** Data segment follows **
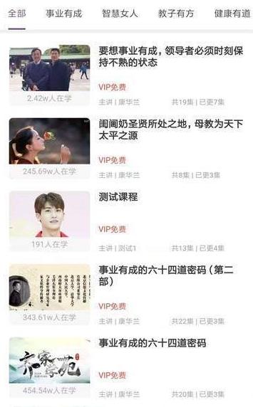 平台围绕家庭建设设置六大学习体系:事业有成、智慧女人、教子有方、健康有道、家风家训及百年好合篇;
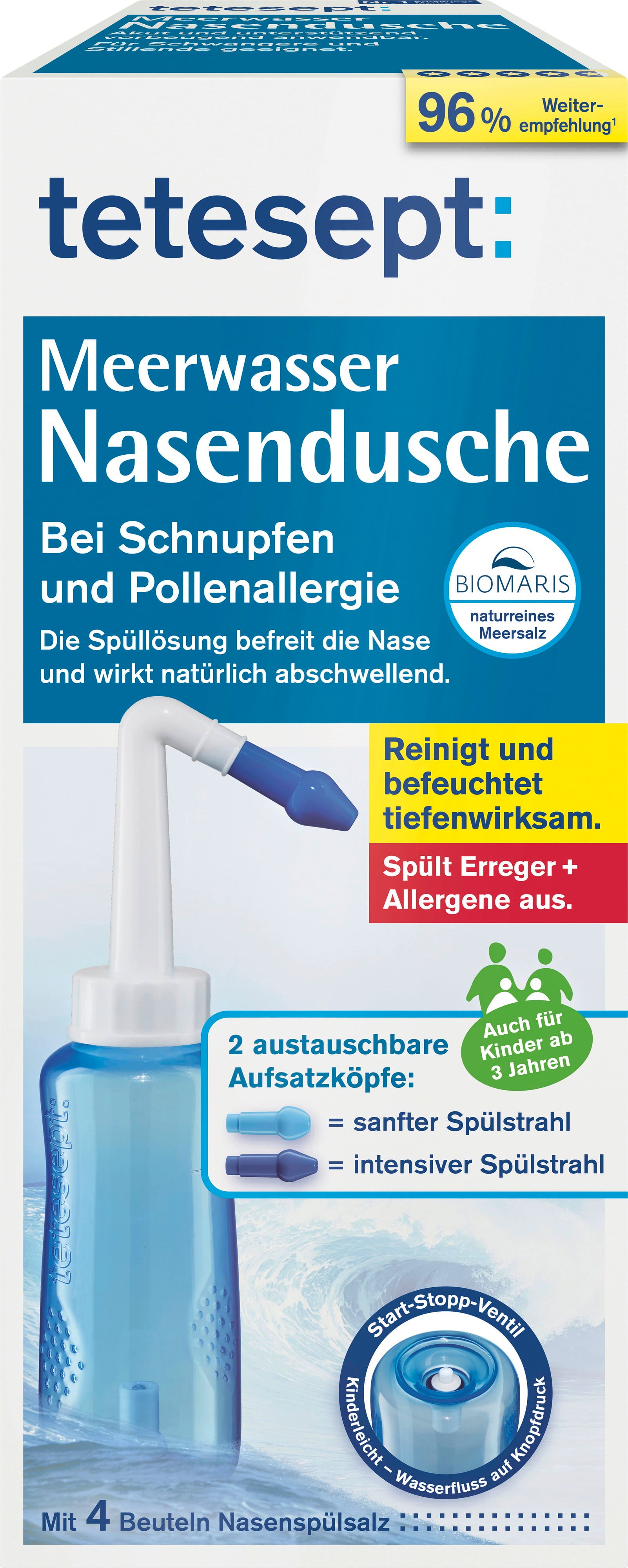 Dozownik do nosa z wodą morską tetesept jest przeznaczony do stosowania razem z roztworami do płukania nosa. Do wyboru są 2 nasadki (delikatny strumień do płukania lub intensywny strumień do płukania). Dzięki praktycznemu zaworowi start-stop można samodzielnie decydować o rozpoczęciu i zakończeniu płukania. w opakowaniu znajdują się 4 saszetki soli do płukania nosa. Pod nadzorem douche do nosa nadaje się również dla dzieci w wieku od 3 lat.
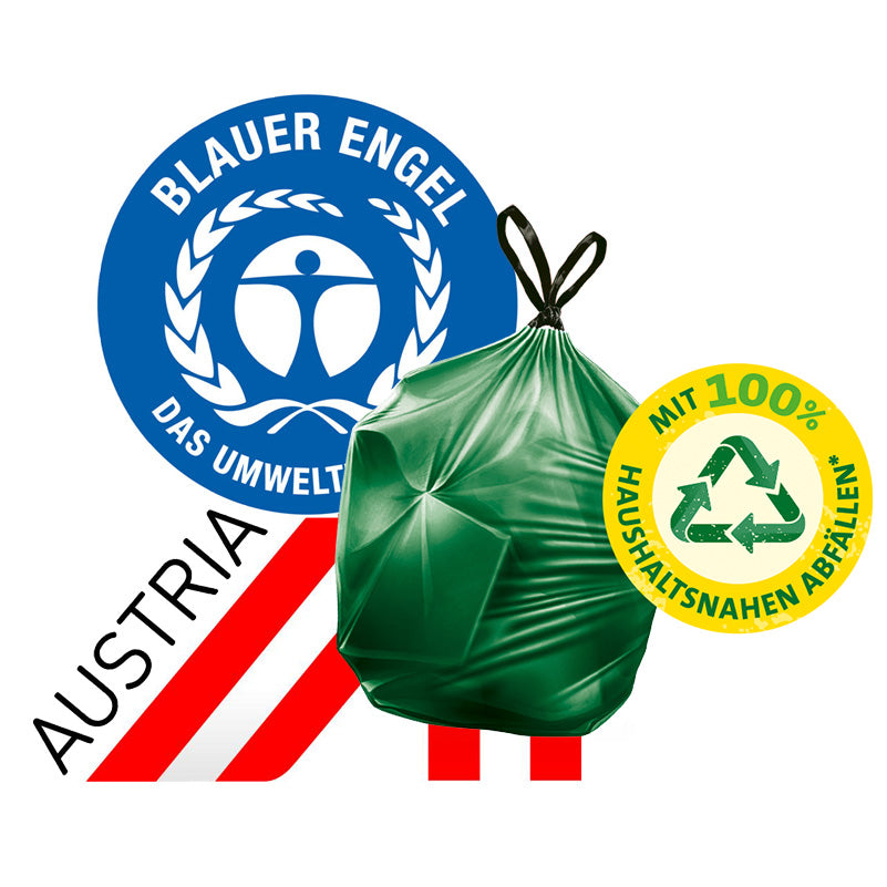 - Die empfohlenen Toilettenbeutel bestehen zu 100 % aus recyceltem Plastik (außer Farb- und Zusatzstoffe) aus haushaltsnahen Abfällen und sind mit dem "Blauen Engel" zertifiziert.
** End of Data segment **
Output the complete listing exactly. Pictures stay out.

 平台围绕家庭建设设置六大学习体系:事业有成、智慧女人、教子有方、健康有道、家风家训及百年好合篇;
 Dozownik do nosa z wodą morską tetesept jest przeznaczony do stosowania razem z roztworami do płukania nosa. Do wyboru są 2 nasadki (delikatny strumień do płukania lub intensywny strumień do płukania). Dzięki praktycznemu zaworowi start-stop można samodzielnie decydować o rozpoczęciu i zakończeniu płukania. w opakowaniu znajdują się 4 saszetki soli do płukania nosa. Pod nadzorem douche do nosa nadaje się również dla dzieci w wieku od 3 lat.
 - Die empfohlenen Toilettenbeutel bestehen zu 100 % aus recyceltem Plastik (außer Farb- und Zusatzstoffe) aus haushaltsnahen Abfällen und sind mit dem "Blauen Engel" zertifiziert.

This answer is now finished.